How to See What Data Windows 10 is Sending to Microsoft

Microsoft is making Windows 10’s telemetry more transparent with the April 2018 Update. You can now view the exact diagnostic information your Windows PC is sending to Microsoft. You can even delete it from Microsoft’s servers.

A new Privacy Dashboard attached to your Microsoft account is now available, too. It provides a single place where you can view much of the information Microsoft knows about you—and delete it.

How to View the Diagnostic Data Your PC Is Sending

Windows 10 now allows you to view the exact details its diagnostics and telemetry services send to Microsoft, but you’ll need to enable data viewing before you can do this. It’s off by default because Windows needs up to 1 GB of disk space to store the data on your PC.

RELATED: What Do Windows 10’s Basic and Full Telemetry Settings Actually Do?

To enable data viewing, head to Settings > Privacy > Diagnostics & Feedback. Scroll down to the Diagnostic Data Viewer section and flip the switch to the “On” position.

Click the “Diagnostic Data Viewer” button that becomes available and you’re be taken to the Microsoft Store to download the Diagnostic Data Viewer application.
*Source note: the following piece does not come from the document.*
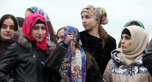 Девушки на демонстрации в Грозном. 18 марта 2015 года. Фото Ахмеда Альдебирова для "Кавказского узла"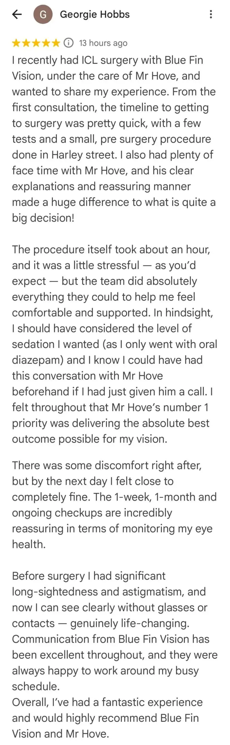 A recent review from one of our patients provides a detailed, honest, and powerful insight into what this journey feels like from the patient perspective. It is one of the most comprehensive ICL testimonials we have received, capturing not just the surgical outcome, but the full emotional experience from anxiety to clarity.

Go ahead and do that to continue.

After you’ve installed the app, you can either click the “Diagnostic Data Viewer” button again under Settings > Privacy > Diagnostics & Feedback to open it, or launch the “Diagnostic Data Viewer” shortcut that appears in your Start menu.

The Diagnostic Data Viewer app exposes a large number of diagnostic “events” in the left pane. You can click an event to view its details, which includes a full copy of all the information that is sent to Microsoft.

You can also use the search box in the application to find data associated with an application or something else.

For example, we launched Microsoft Edge, and then ran a search for “Edge” in the Viewer application. We found several events associated with Edge’s launch and creation of new tabs. This is the exact diagnostic information Windows sends to Microsoft. Microsoft uses it to understand how well Edge is performing and how frequently people use Edge’s various features.

n

You can export this data into a comma-separated values (CSV) file by clicking the “Export events into a .csv file” button in the sidebar. It’s possible that utilities created in the future would allow you to further analyze this data, or you could dig into it yourself.

If you don’t plan on using this feature regularly, consider heading back to Settings > Privacy > Diagnostics & Feedback and flipping the switch under Diagnostic Data Viewer back to the “Off” position. You’ll save up to a gigabyte of storage space.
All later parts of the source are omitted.